- **What to produce**:
Please repeat the data exactly. Any picture in it stays out.

- **Records from a collection**:
::::::

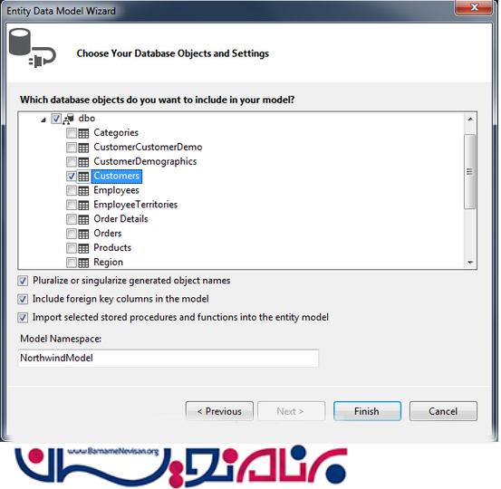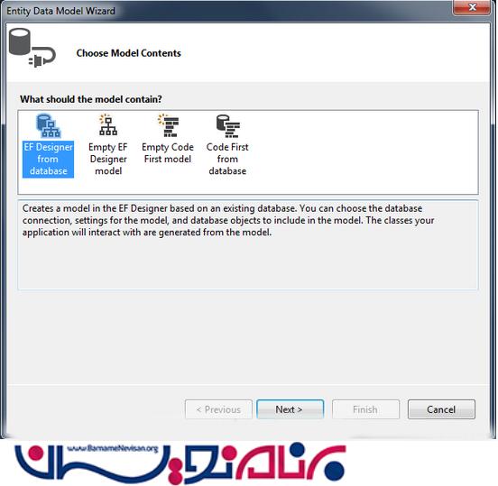 سپس Entity Data Model Wizard بعد از انتخاب EF Designer database باز خواهد شد.
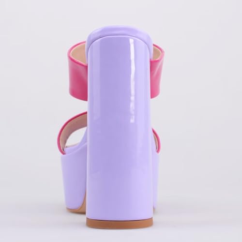 Frankie Hsu Women's Chunky Block Platform Sandals Cheerleader Cute Lovely Hot Pink Purple Orange Green Patent High Heeled Square Toe Fashion Classic Big Size Sandal
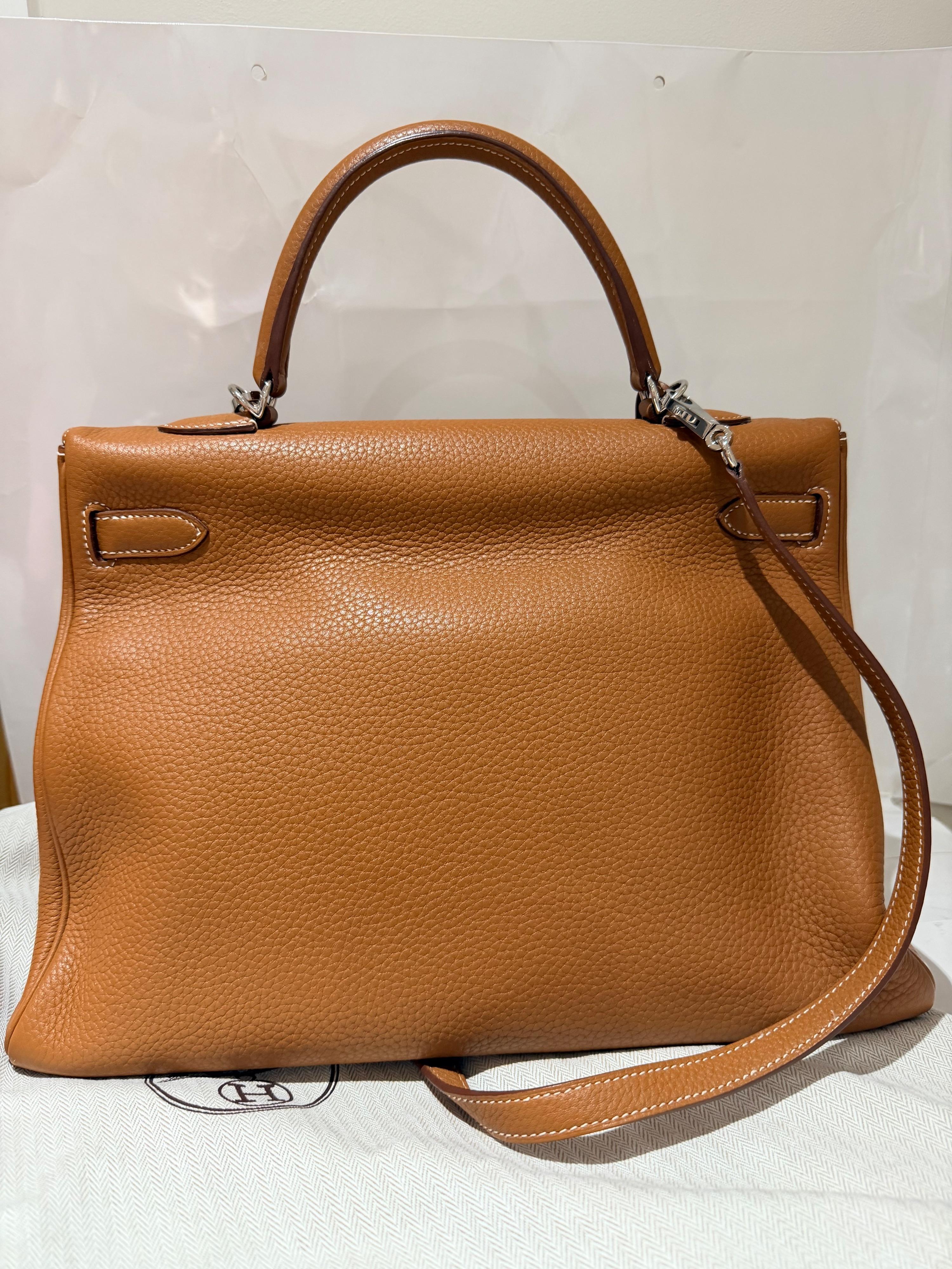 Hermes Kelly 35 gold togo with palladium hardware bag. A classic sophisticated bag for your everyday needs.
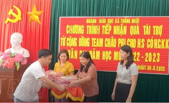 Trao quà cho học sinh nghèo xã Thống Nhất nhân năm học mới
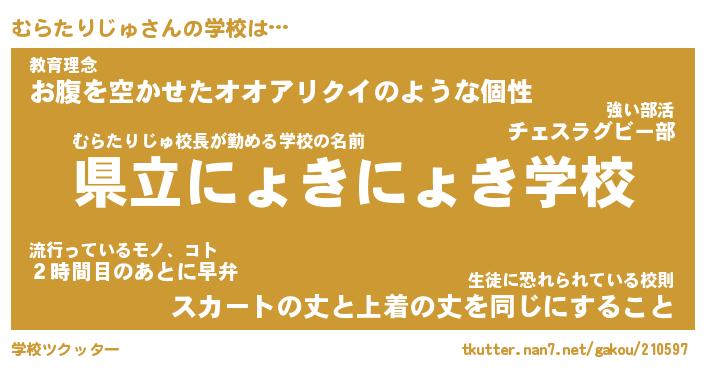 | 肩書あだ名 | 『むらたりじゅ店長』『むらたりじゅ校長』 |
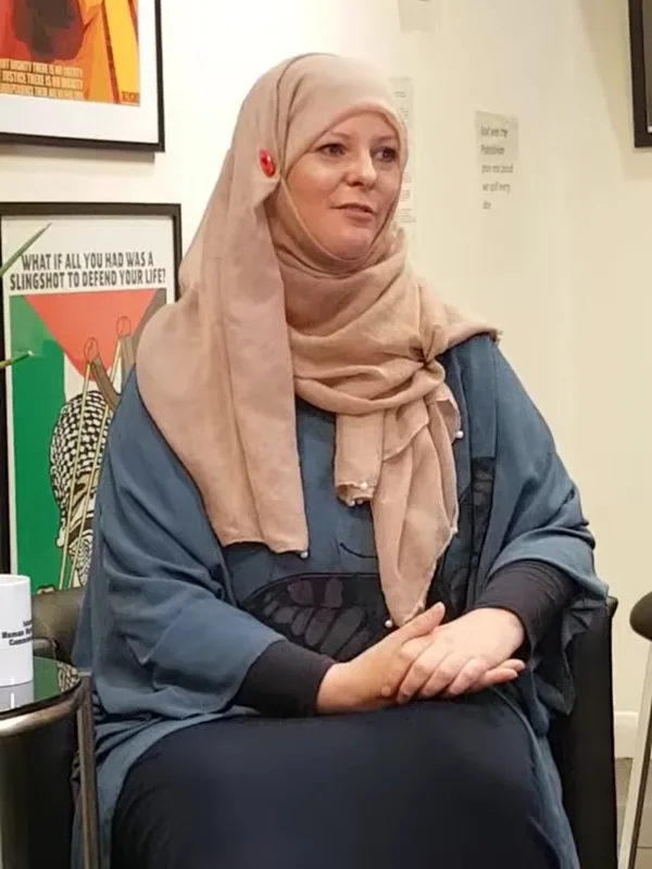 A British journalist who swapped London's press circles for advocacy, using her voice to challenge Western narratives on Palestine.
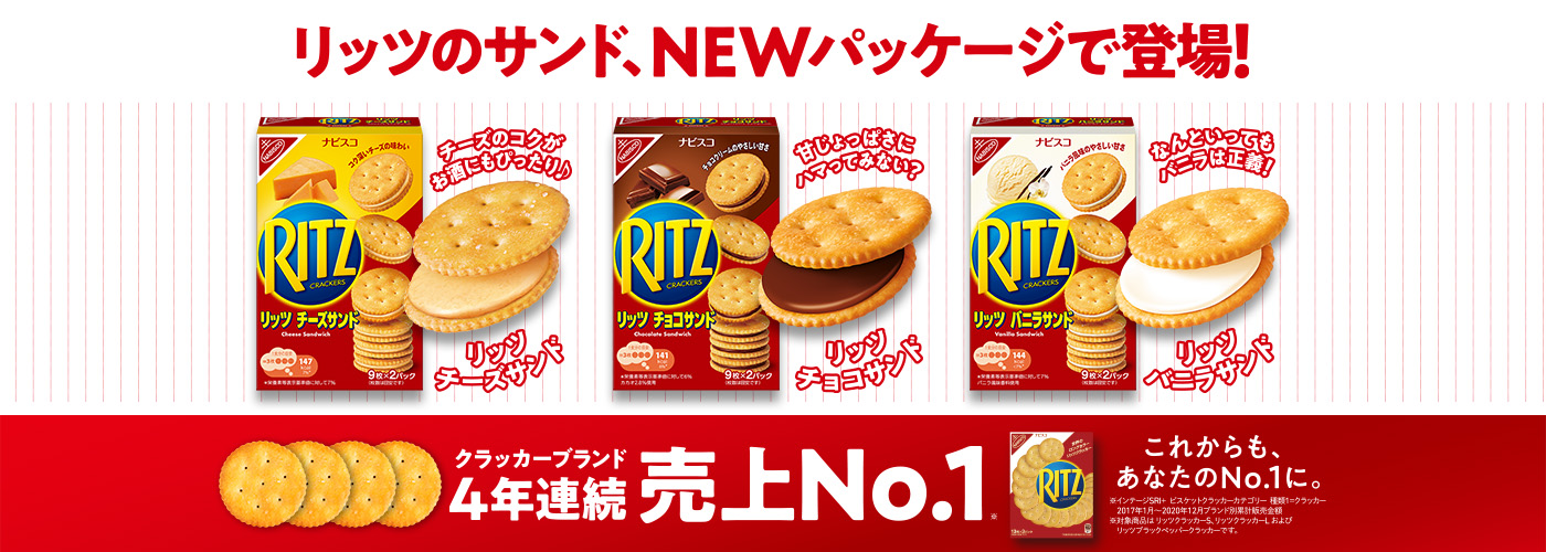 Ritz là một trong những thương hiệu bánh lâu đời và bán chạy nhất trên thế giới. Bánh Ritz nổi tiếng nhờ công thức đặc biệt cho lớp vỏ bánh giòn tan. Có 3 phiên bản bánh Ritz gồm nhân kem vani, phô mai và socola cho bạn thêm chọn lựa.
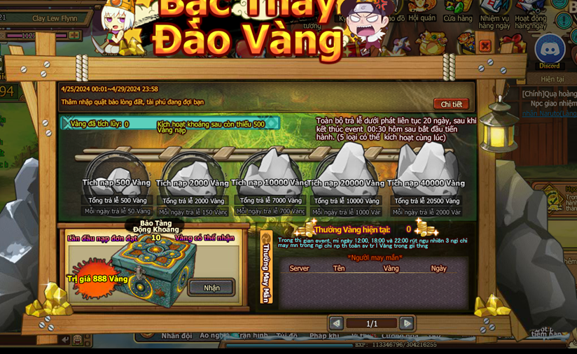 5. Trong thời gian event , nạp 1 lần đầu tiên thỏa nhận thêm bảo tàng khoáng . Trong thời gian , thống kê mức nạp của người chơi toan sv đến giải thưởng may mắn , Mổi nạp 1 Vàng giải thưởng tăng 1 Vàng , mỗi ngày 12:00, 18:00, 22:00 rút ngẫu nhiên 3 người chơi may mắn trong người chơi nạp thẻ toàn sv trả lễ Vàng
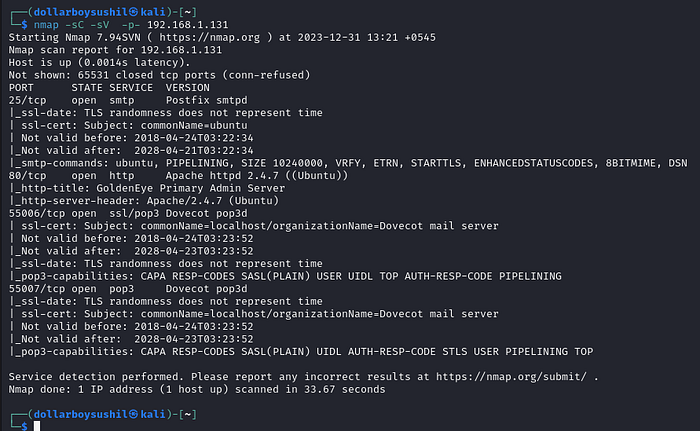 nmap -sC -sV 192.168.1.142-sC for default scripts,-sV for version enumeration and -p- to scan all ports.
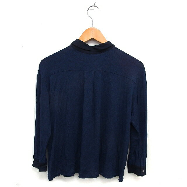 【中古】コムサ COMME CA ポロシャツ ステンカラー ワイド スリット 比翼仕立て 長袖 11 紺 ネイビー /NT31 レディース

::::::

- **Problem solution**:
 سپس Entity Data Model Wizard بعد از انتخاب EF Designer database باز خواهد شد.
 Frankie Hsu Women's Chunky Block Platform Sandals Cheerleader Cute Lovely Hot Pink Purple Orange Green Patent High Heeled Square Toe Fashion Classic Big Size Sandal
 Hermes Kelly 35 gold togo with palladium hardware bag. A classic sophisticated bag for your everyday needs.
 Trao quà cho học sinh nghèo xã Thống Nhất nhân năm học mới
 | 肩書あだ名 | 『むらたりじゅ店長』『むらたりじゅ校長』 |
 A British journalist who swapped London's press circles for advocacy, using her voice to challenge Western narratives on Palestine.
 Ritz là một trong những thương hiệu bánh lâu đời và bán chạy nhất trên thế giới. Bánh Ritz nổi tiếng nhờ công thức đặc biệt cho lớp vỏ bánh giòn tan. Có 3 phiên bản bánh Ritz gồm nhân kem vani, phô mai và socola cho bạn thêm chọn lựa.
 5. Trong thời gian event , nạp 1 lần đầu tiên thỏa nhận thêm bảo tàng khoáng . Trong thời gian , thống kê mức nạp của người chơi toan sv đến giải thưởng may mắn , Mổi nạp 1 Vàng giải thưởng tăng 1 Vàng , mỗi ngày 12:00, 18:00, 22:00 rút ngẫu nhiên 3 người chơi may mắn trong người chơi nạp thẻ toàn sv trả lễ Vàng
 nmap -sC -sV 192.168.1.142-sC for default scripts,-sV for version enumeration and -p- to scan all ports.
 【中古】コムサ COMME CA ポロシャツ ステンカラー ワイド スリット 比翼仕立て 長袖 11 紺 ネイビー /NT31 レディース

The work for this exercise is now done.